O Movimento parece ser uma forma dos órgãos comunicarem com o cérebro e vice-versa.
A ausência ou diminuição de movimento é como uma restrição dos estímulos cerebrais aferentes, afectando o vaivem da comunicação, por si só suficiente para diminuir o estado energético e a vitalidade do órgão afectado.
Desta forma, cada movimento ou alteração que o diminua, provoca enorme efeito. Fazendo a ligação certa, conseguindo a libertação correcta, a sua percepção é imediata nos dois extremos. Sentir-se-à no cérebro e no âmago da víscera. Haverá um aumento do movimento e em seguida sentiremos uma série de actividades de auto correcção até à sincronização das duas áreas. Há um sistema de consciência interno. Há diálogo através de forças mecânicas, há inteligência. Podemos afectar positivamente esta comunicação. O Dr. Jean Pierre Barral diz que a inteligência pode ser vista como “a coordenação da consciência”.

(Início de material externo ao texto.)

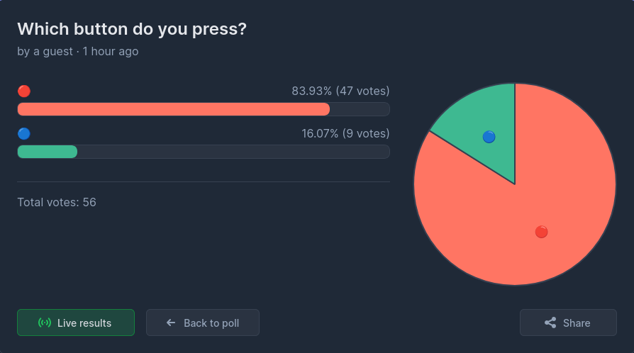 >>533897420I press red and is happy and content about it.https://strawpoll.com/XOgOV0W8Gn3
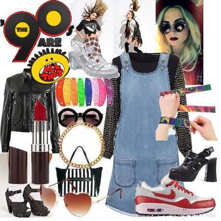 Модница 90-х — это девушка с разлетающимися локонами смелых оттенков, глянцевой помадой на губах, такими же блестящими тенями на веках и насыщенными румянами на скулах. Коротенькое платье непременно было украшено разнообразными блестками, если девушка надевала колготки, то обязательно ярких цветов, дополненные «потрепанным» сексуальным топом, надетым поверх шорт, а туфли на высоком каблуке обязательно были украшены стразами.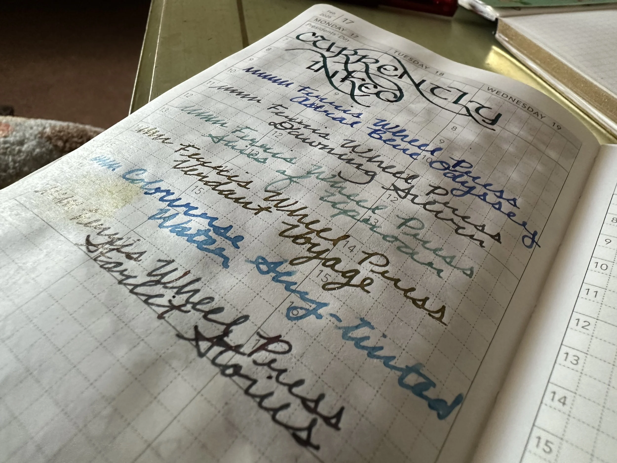 Ferris Wheel Press Starlit Stories - FWP Carousel Granite Guardians M - This was another ink that I put in a pen for my workshop attendees to play with. I also wanted to compare it to the new FWP Embers of Time ink (they look nothing alike, don’t know why I thought they were similar - Embers is gray and red shimmer, while this is dark blue and purple shimmer). This combo is really interesting and I’m still not quite sure its working for me as a color scheme. Ink works great though, flowing well even after a few days of not messing around with it.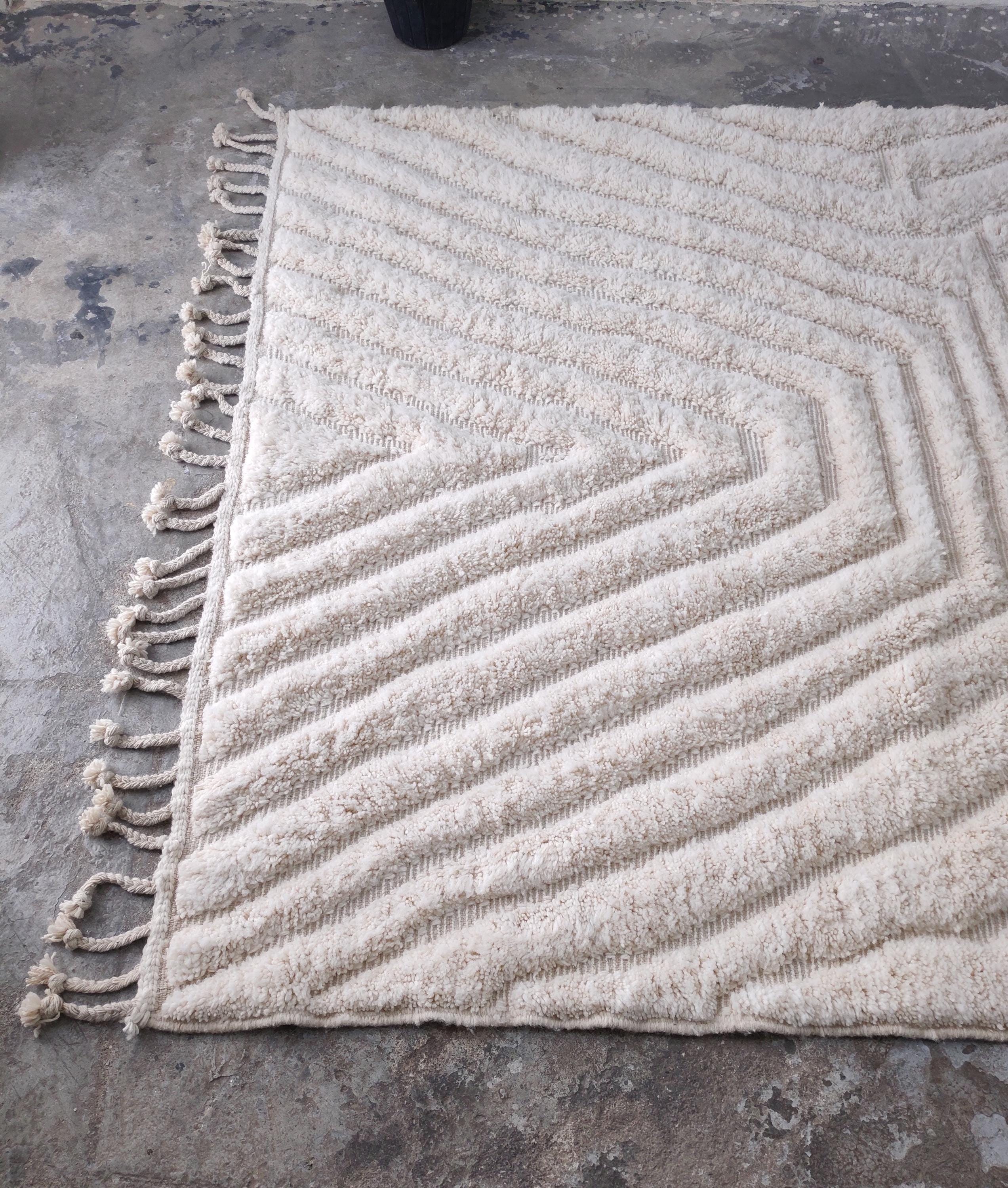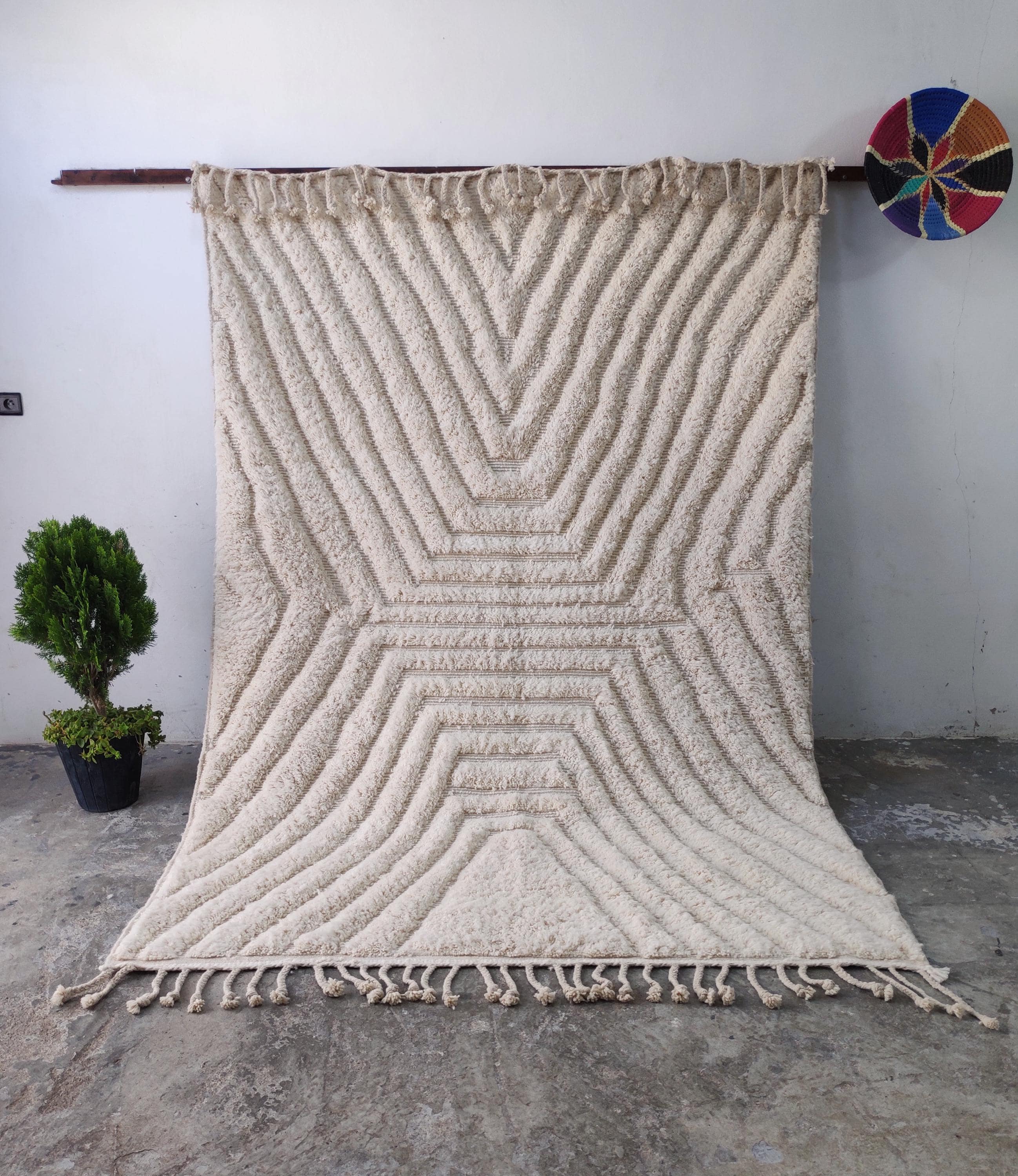 .Luxuriously Soft Handwoven White Beni Ourain Rug for Ultimate Comfort Underfoot.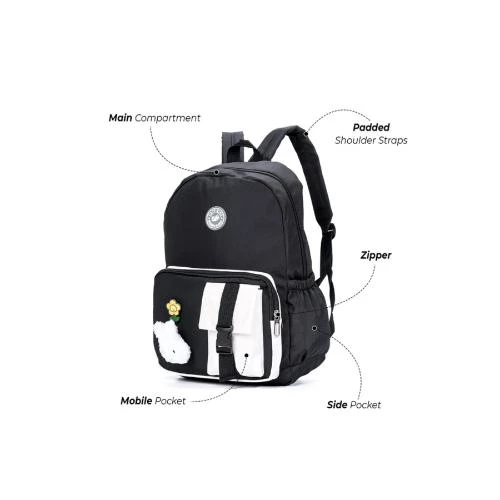 Eazy Kids Vogue School Bag with 6-Compartment Leakproof Bento Lunch Box -Black Combo Set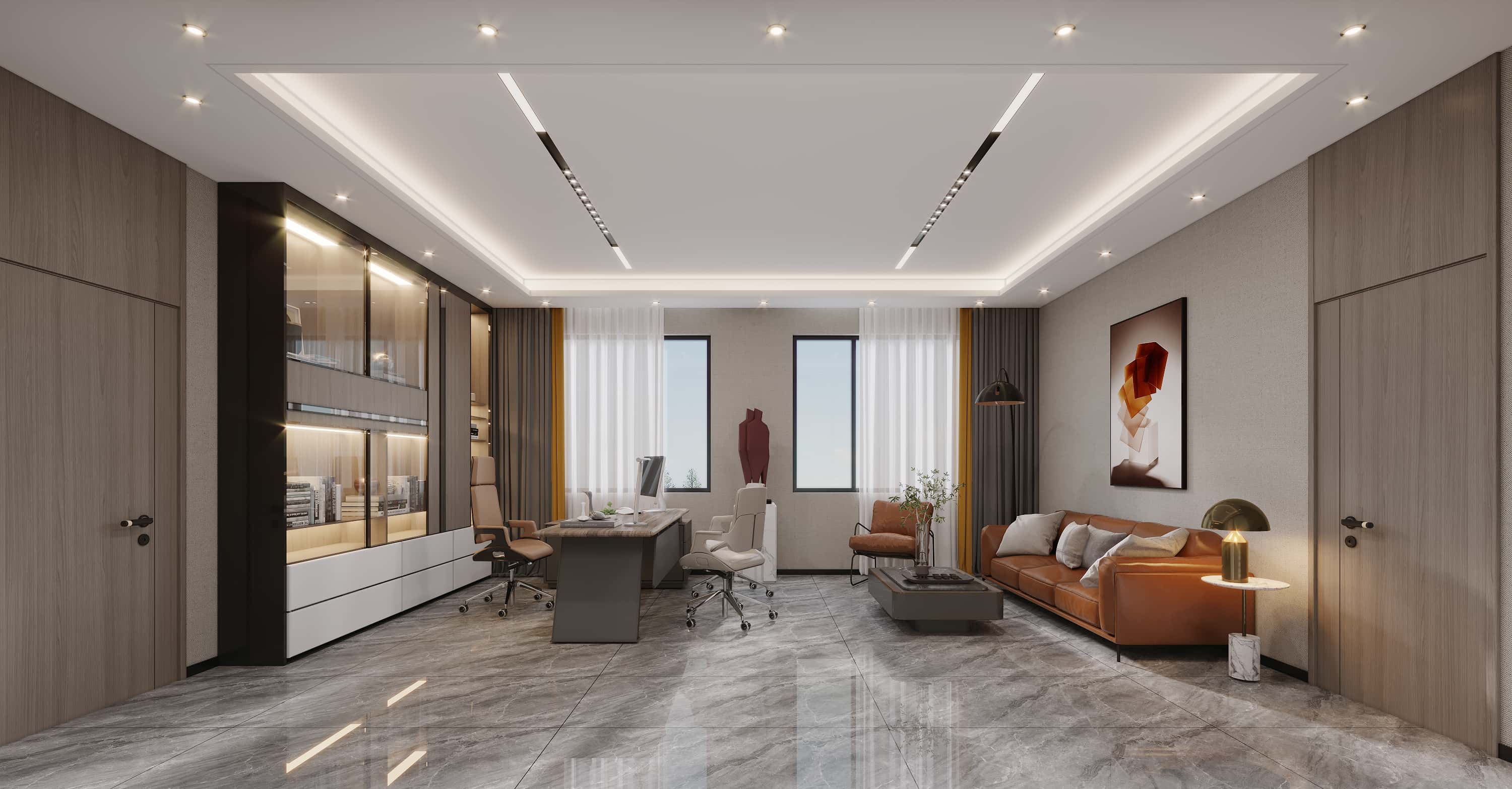 辦公室內(nèi),墻面采用木質(zhì)紋理,營(yíng)造溫馨氛圍。辦公桌椅實(shí)用舒適,沙發(fā)與裝飾畫(huà)點(diǎn)綴其間,提升空間品味。燈光設(shè)計(jì)柔和明亮,滿足辦公需求同時(shí)營(yíng)造舒適環(huán)境。

Quando lidamos com este aspecto do trabalho viscero-emocional existem, segundo ele, diversos princípios a respeitar:

“O objectivo é descarregar a tensão na mente e no corpo em pouco tempo e com precisão. Isto é ir muito profundamente dentro do sistema límbico”.
“Respeitar a vida profunda da pessoa”.
“A precisão é aquilo de que pessoalmente gosto”.
“Limpar uma pequena parte do inconsciente, e não permitir que a pessoa fique stressada por nada por você estar no seu limite”.
“Respeitar a vida profunda de uma pessoa”, pois para o Dr. Barral tem de se merecer penetrar nos tecidos do corpo e da mente. O conhecimento anatómico, a especificidadena escuta e seguir a inteligência dos tecidos, são as máximas do trabalho do Jean Pierre Barral.

O Dr. Barral editou recentemente o livro “Understanding the messages of your body – How to Interpret Physical and Emotional Signals to Achieve Optimal Health" (Compreender as mensagens do vosso corpo – Como interpretar os sinais físicos e emocionais para Conseguir uma Óptima Saúde) bem como outro publicado em 1996, intitulado “ Manual Thermal Diagnosis” (O Diagnóstico Térmico Manual). Ambos falam das emoções e o seu relacionamento com os órgãos do corpo, fruto da sua observação ao longo dos anos de prática clínica.